Akibat Corona, Pabrik Makanan & Minuman Tidak Siap Bayar THR

Usaha Dagang, Dunia – Berdasarkan survey Gapmmi, mengatakan bahwa lebih dari 50 persen pelaku industri makanan dan minuman tidak yakin dapat melakukan pembayaran upah dan THR karyawan secara utuh.

Gabungan Pengusaha Makanan dan Minuman Indonesia (Gapmmi) menyatakan bahwa banyak masalah yang dialami oleh para industri makanan dan minuman yang diakibatkan dari pendemi virus corona (Covid-19). Dari hasil surver yang dilakukan, sebanyak 71,4 persen pelaku industri makanan dan minuman mengalami penurunan yang cukup drastis sekitar 20-40 persen.

Berdasarkan hasil survey Gapmmi juga menunjukkan bahwa lebih dari 50 persen pelaku industri makanan dan minuman tidak siap dalam pembayaran upah dan Tunjangan Hari Raya (THR) karyawan secara utuh.

Dalam hal ini karyawa diberikan skema untuk THR dikarenakan banyak perusahaan makanan dan minuman yang tidak sanggup membayar, ucap Ketua Gapmmi Adhi S Lukman saat melakukan rapat dengar pendapat dengan komisi VI DPR_RI, senin (27 April 2020).

Adhi melanjutkan dengan mengatakan selain masalah operasional, para pelaku industri makanan dan minuman juga dihadapkan dengan masalah lainnya.

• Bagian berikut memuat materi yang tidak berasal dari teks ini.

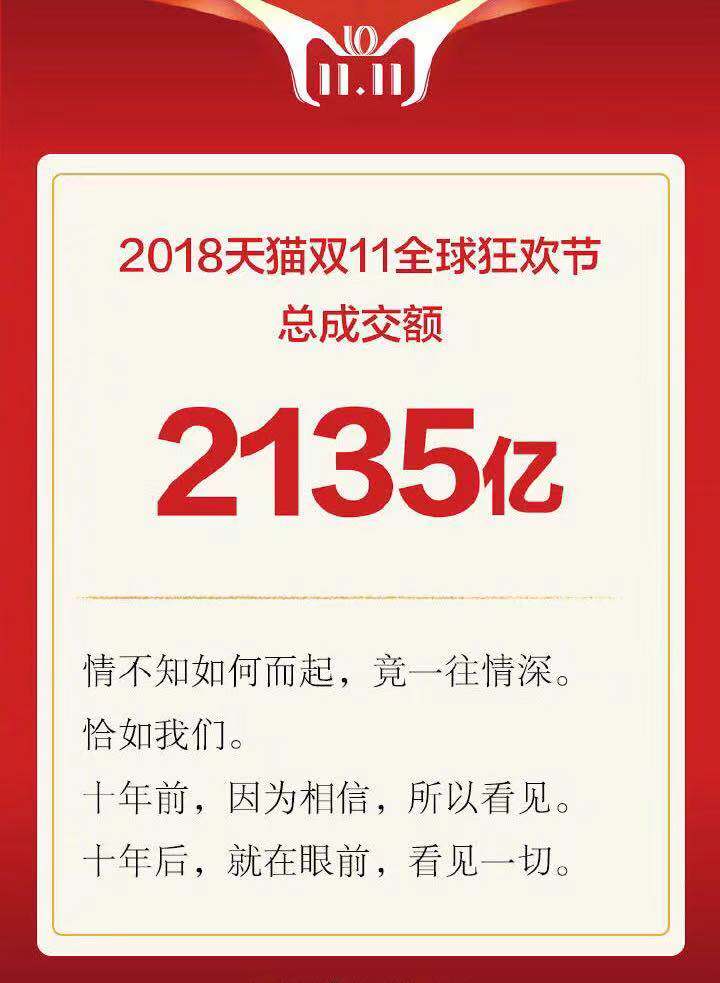 据天猫官方微博音讯,2018天猫双11全球狂欢节全天成交额为 2135 亿元。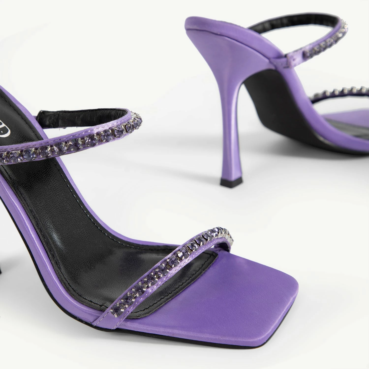 Stand out from the crowd with these statement RAID Deena Heeled Mules in eye-catching purple. Boasting purple diamante straps for a touch of sparkle, this mule will have you looking and feeling glam all day long. Dare to dazzle!

Masalah tersebut yaitu ketidakselarasan kebijakan antara pemerintah pusat dan daerah. Dalam hal ini pemerintah pusat tetap memberikan izin operasi, sedangkan beberapa pemerintah daerah melakukan penutupan beberapa industri total, Ujar ketua Gapmmi.

Oleh sebab itu, Adhi berharap pemerintah pusat dan daerah dapat memberi stimulasi yang cukup kepada dunia usaha. Pasalnya, stimulasi yang diberikan untuk saat ini belum dirasa mencukupi untuk membantu para pelaku industri makanan dan minuman. Pada dasarnya industri adalah salah satu factor penting untuk menopang hidup masyarakat.

Gapmmi meminta kepada pemerintah untuk memasukkan industri makanan dan minuman ke dalam sektor yang memerlukan harga gas industri yang murah. Hal ini dikarenakan industri makanan dan minuman cukup mengalami kesulitan dan tidak layak memberi kenaikan harga jual dalam keadaan pendemi.

Kami berharap pembelian gas dari PGN menggunakan fix rate sebesar Rp 14.000 per dollar AS.

Sebelumnya, Mentri Koordinator Bidang Perekonomian (Menko Perekonomian) Airlangga Hartarto mengingatkan bahwa perusahaan swasta diwajibkan membayar Tunjangan Hari Raya (THR) kepada semua karyawannya.

Presiden Joko Widodo juga membahas terkait kesiapan sektor usaha dalam membayar THR, yang berdasarkan undang-undang diwajibkan dan Kementrian Tenaga Kerja akan mempersiapkan hal-hal terkait dengan THR, ujar Airlangga dalam sebuah telekonferensi pers usai melakukan rapat terbatas.